Tirai-tirai berkibar pelan. Langit pagi masih abu-abu. Aku mendengar kokok
melengking dari ayam jantan.

Mimpi. Semua itu mimpi buruk yang menakutkan.

Mengambil napas dalam-dalam dan membiarkannya keluar perlahan-lahan,


aku menurunkan kakiku ke lantai.

Aku menatap cahaya pagi abu-abu melalui jendela. Hanya mimpi, aku meyakinkan
diriku sendiri. Tenang, Jodie. Itu hanya mimpi.

Aku bisa mendengar seseorang bergerak di sekitar lantai bawah. Dengan berjalan
sempoyongan ke meja rias, aku mengeluarkan beberapa pakaian bersih -
sepasang celana denim pudar, kaos biru tanpa lengan.

Mataku berair. Semuanya kabur. Alergiku benar-benar buruk pagi ini.


Menggosok-gosok mataku, aku berjalan ke jendela dan mengintip keluar. Bola
merah matahari baru saja mengintip di atas pohon apel yang besar. Embun
pagi yang tebal membuat rumput di halaman belakang berkilauan seperti
zamrud.

Lautan batang-batang jagung gelap berdiri di balik rumput. Orang-orangan


sawah berdiri kaku di atasnya, tangan yang terbuka menyambut pagi.

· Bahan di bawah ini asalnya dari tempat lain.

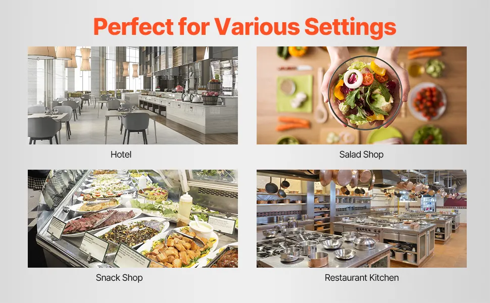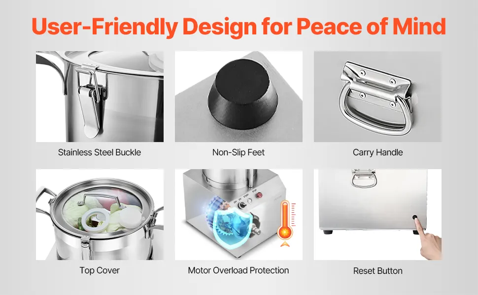 • Wide Application: Compact and sleek, this food processor chopper fits easily in any kitchen space, making it ideal for use in hotels, salad bars, snack shops, and restaurant kitchens.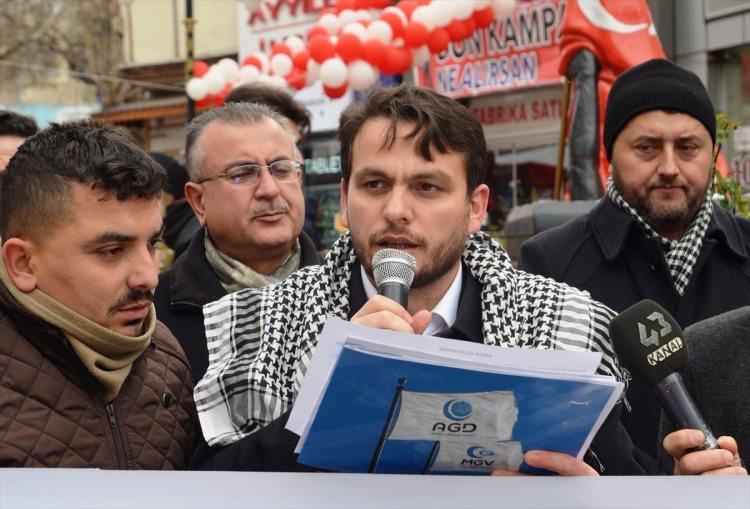 Kütahya’da, Anadolu Gençlik Derneği (AGD) öncülüğünde, ABD'nin Tel Aviv'deki büyükelçiliğini Kudüs'e taşıma girişimine tepki göstermek amacıyla eylem düzenlendi. AGD Kütahya Şube Başkanı Erol Taşkın (ortada) burada bir açıklama yaptı.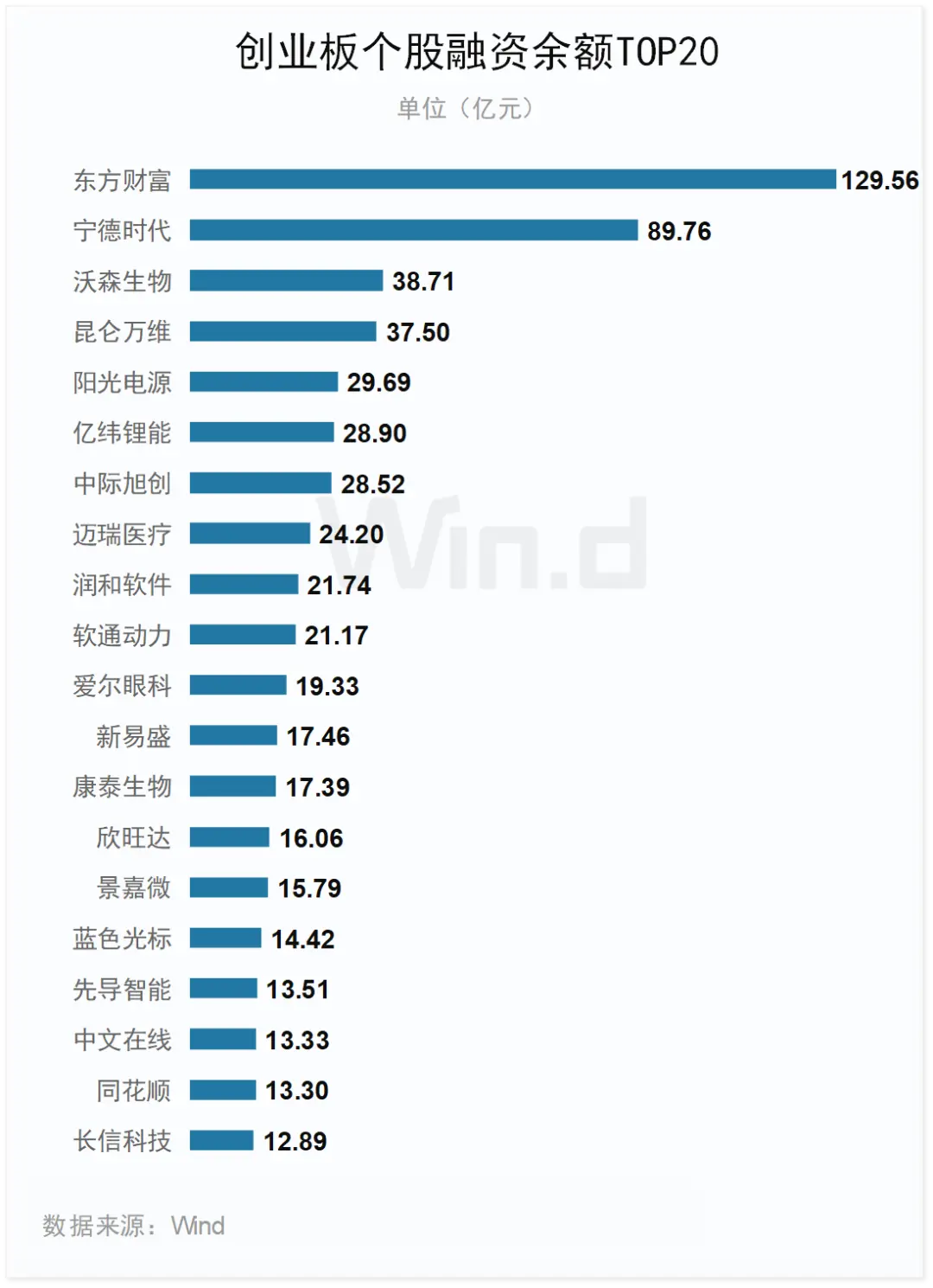 2023年末,东方财富融资余额达129.56亿元居首位,宁德时代、沃森生物、昆仑万维等9家融资余额均超过20亿元。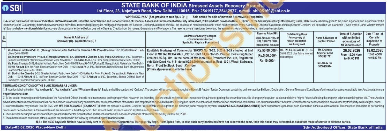 Equitable Mortgage of Commercial SHOPS No. S-22, S-23 & S-24 situated at 2nd Floor, at MITTAL MEGA MALL, Plot no. SM3 &4, Sector-25, Panipat, measuring Super area 241.55 Sq. Mtr. in the name of Mis Incredible Promoters Pvt. Ltd, Registered vide Sale Deed No. 4161 dated 02.08.2010 bounded as East: S-21, West: Staircase, North: Front Set Back, South: Corridor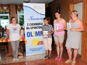 Zwyciężczynie grupy B1 - niewidome kobiety - oraz przedstawicielka organizatora zawodów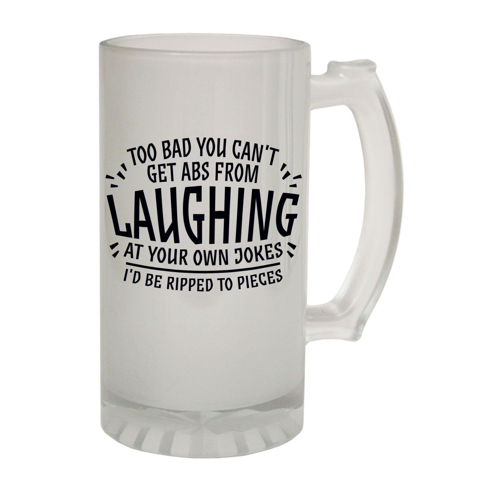 Abs Laughing Own Jokes - Novelty Funny Frosted Stein - Gift Boxed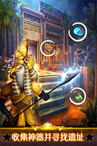 5、返回点击图4处,用钩子将法老雕塑后面打开。出现一个类似三角形的物品,点击收集。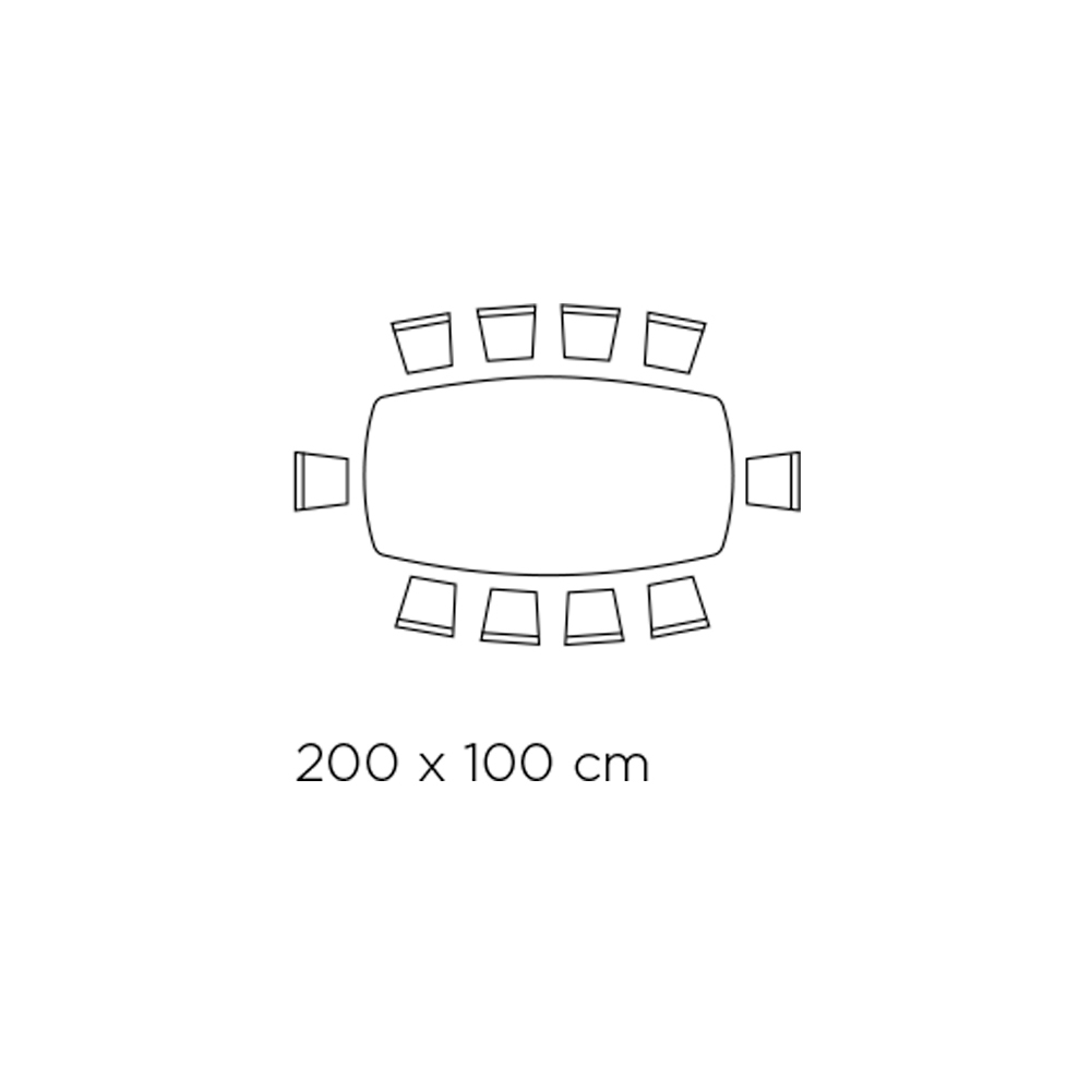 longueur 200 cm x profondeur 100 cm x hauteur 73 cm (épaisseur plateau 12 mm)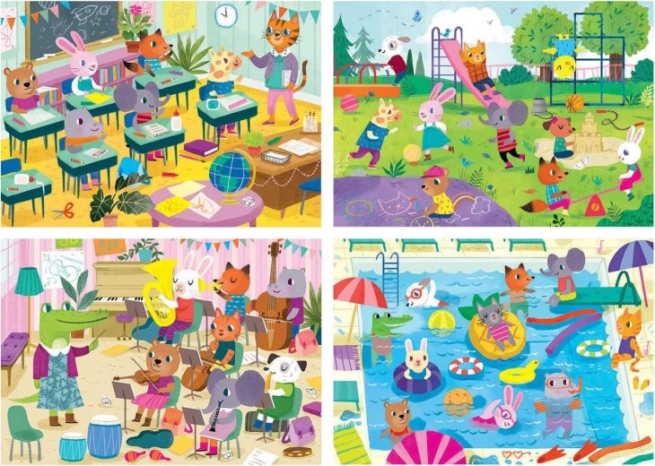 Educa puzzle Dzień w szkole 4w1 (20–80 elementów)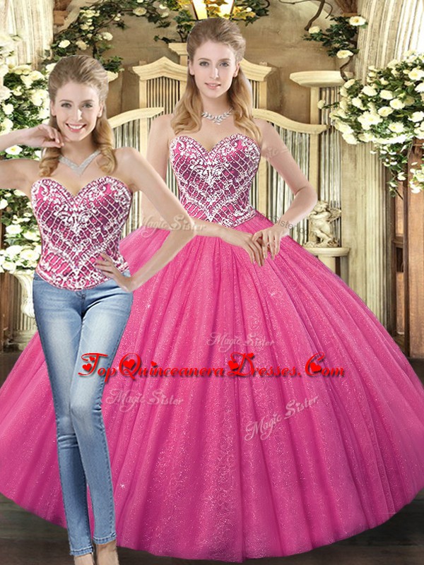 Excellent Hot Pink Lace Up Vestidos de Quinceanera Beading Sleeveless Floor Length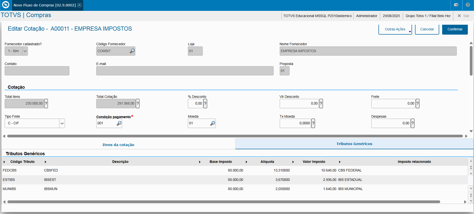 - Ainda na tela de edição de cotação, na parte de Impostos, foram incluídos os campos CBS Federal, IBS Estadual e IBS Municipal, para exibir os valores específicos desses impostos, quando estiverem configurados para a cotação e itens pertinentes;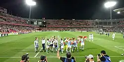 In February 2019, a Basque derby league fixture hosted by Real Sociedad against Athletic Bilbao, which would usually be held at the club's Zubieta training centre, was played at the Anoeta Stadium, attracting an attendance of 21,234 (the result was a 2–2 draw).[2] The following week, the same venue hosted a semi-final of the Copa de la Reina in which Real defeated Sevilla 3–1 in front of 18,731 fans to reach the final of the competition for the first time.[3] On 11 May 2019, the club achieved their first ever major trophy by beating Atlético Madrid 2–1 in the final of the Copa de la Reina, played in Granada.[4] The win granted entry to the newly-established Supercopa de España Femenina, but after overcoming Levante to reach its final, they suffered a humiliating 10–1 defeat to Barcelona.[5] Their first UEFA Women's Champions League tie, after finishing second behind Barcelona in the 2021–22 Primera División, was against FC Bayern of Germany[6] and ended in elimination by a 4–1 aggregate score (Synne Jensen had the distinction of scoring the first European goal). Another Copa de la Reina final was reached in 2024, but this resulted in another heavy loss (8–0) to Barcelona.[7]
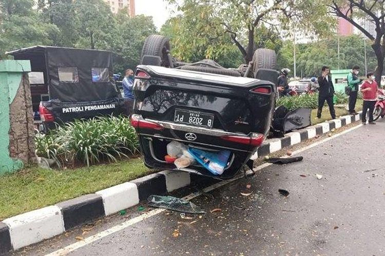 Toyota Fortuner terbalik di Jl Benyamin Sueb, Pademangan, Jakarta Utara disebut karena roda kanan depan ngerem sendiri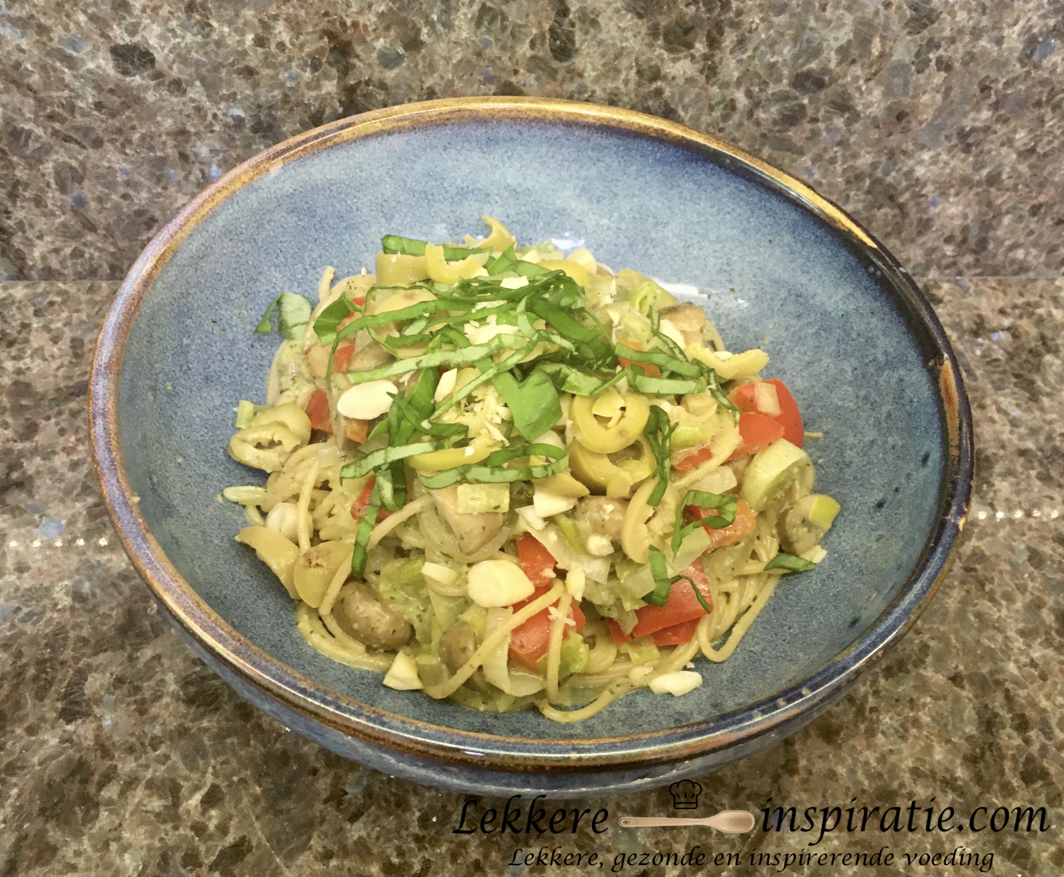 Dit recept is geïnspireerd op pasta pesto. Maar deze versie zit boordevol groenten en smaak. Het is niet moeilijk om te maken en je kan variëren met de groenten naar smaak en seizoen. Klik onder de foto voor o.a. het recept…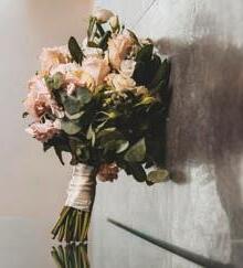 A dreamy mix of blush roses, soft ivory blooms, and fresh eucalyptus, hand-tied for that effortless, romantic look with Fowers by Nanette.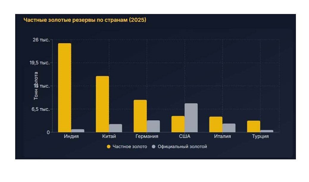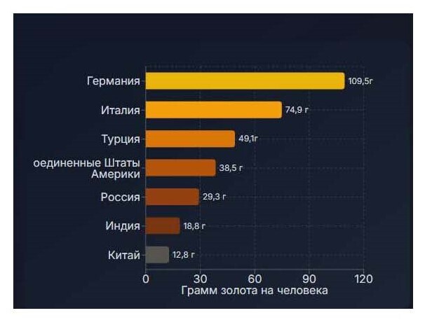 Индия и Китай - самые многочисленные по населению страны мира, в каждой примерно по 1 миллиарду 400 миллионов жителей. Аналитик Али Карадаг сделал оценку и по количеству частного золота на душу населения. И рейтинг стран опять изменился. Количество золота в граммах на одного человека, и немцы более всех других народов богаты на ювелирку и инвестиционное золото. Германия выделяется как страна с исключительными частными золотыми запасами, что отражает сильную ориентацию немецкого населения на безопасность при выборе инвестиций.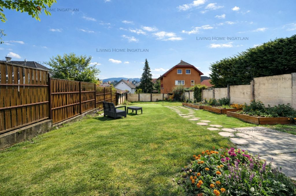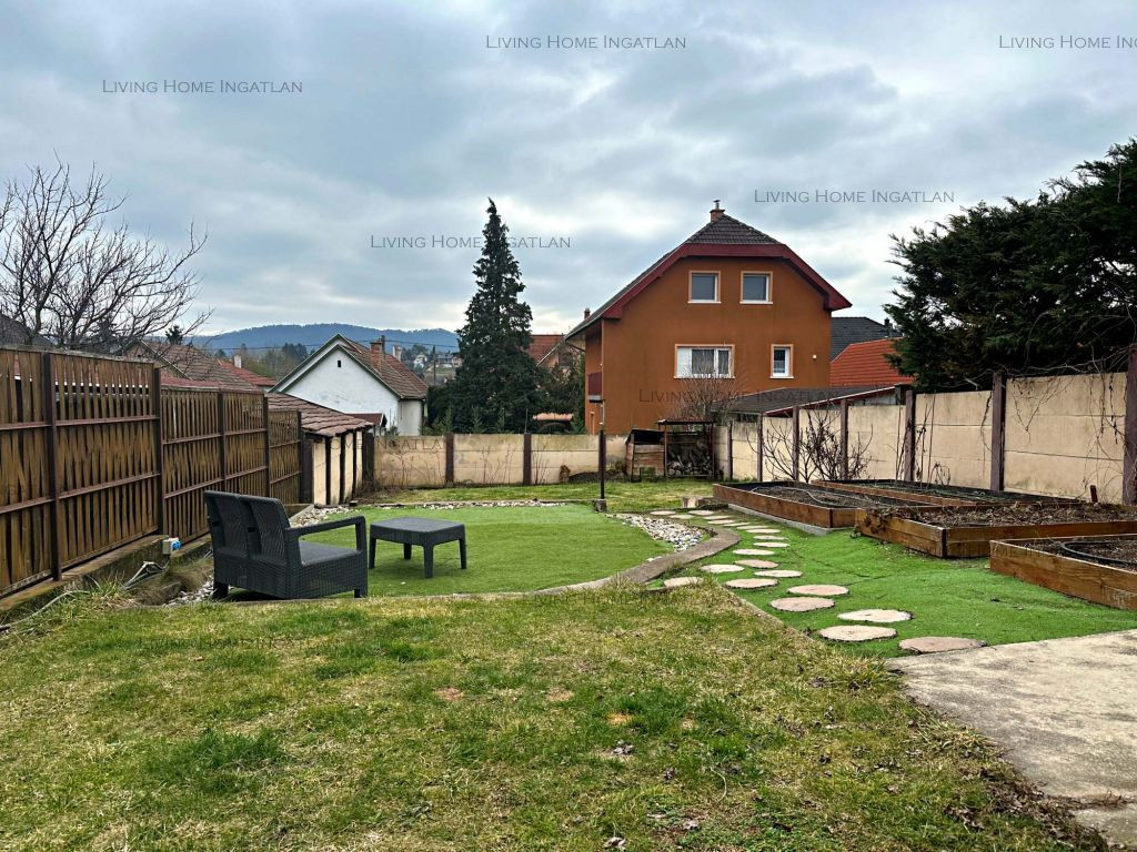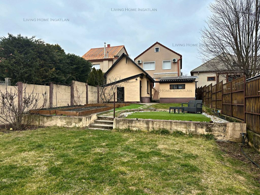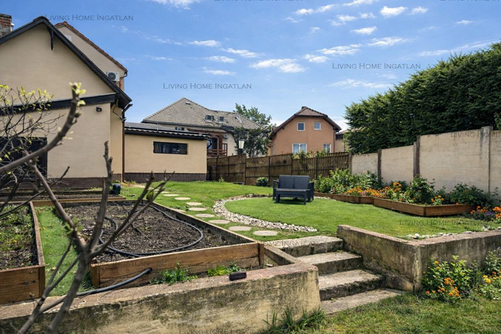 A teljes kertben öntözőrendszer, magaságyások, gyümölcsfák (cseresznye, alma, füge, áfonya, szeder). A hátsó részen intim pihenőkert grillezővel, kerti medencének kialakított terület.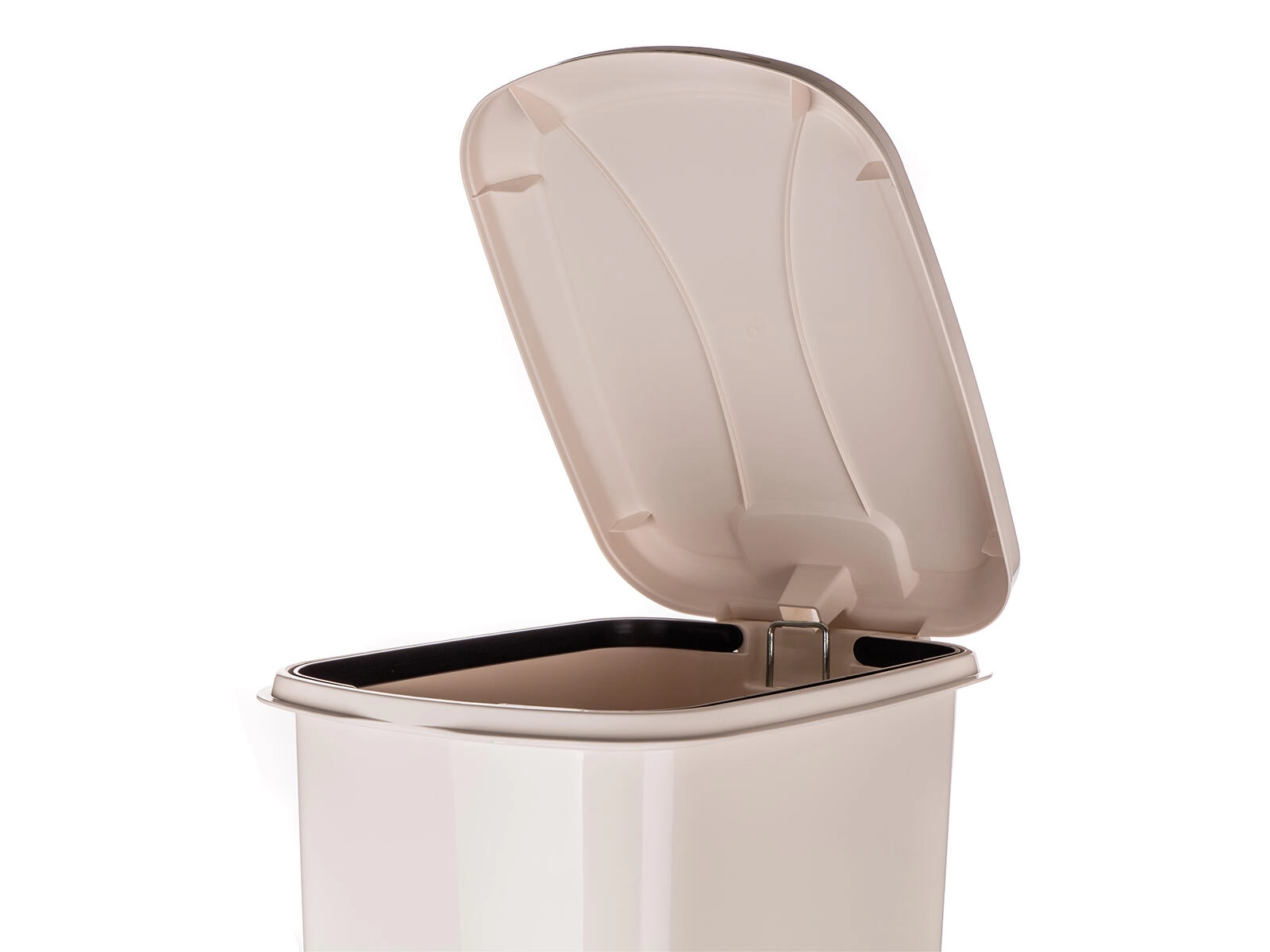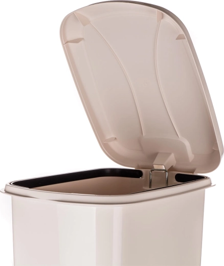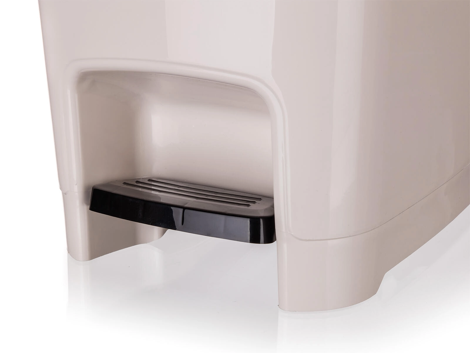 Praktisk affaldsspand med pedalmekanisme, der sikrer ren og bekvem betjening uden håndkontakt. Den rektangulære form sparer plads langs væggen eller køkkenbordet, og den cremefarvede udførelse passer nemt ind i det moderne hjem.

Ayam jantan berkokok lagi.

Mimpi buruk yang bodoh sekali, pikirku. Aku mengguncangngkan diriku seolah
berusaha menghilangkannya dari ingatanku. Lalu aku menyisir rambutku dan
bergegas turun untuk sarapan.

Mark baru saja memasuki dapur saat aku masuk. Kami menemukan Nenek
Miriam sendirian di meja. Sebuah cangkir teh panas di depannya saat ia menatap
ke luar jendela di sinar matahari pagi.

Dia berbalik dan tersenyum pada kami saat kami masuk.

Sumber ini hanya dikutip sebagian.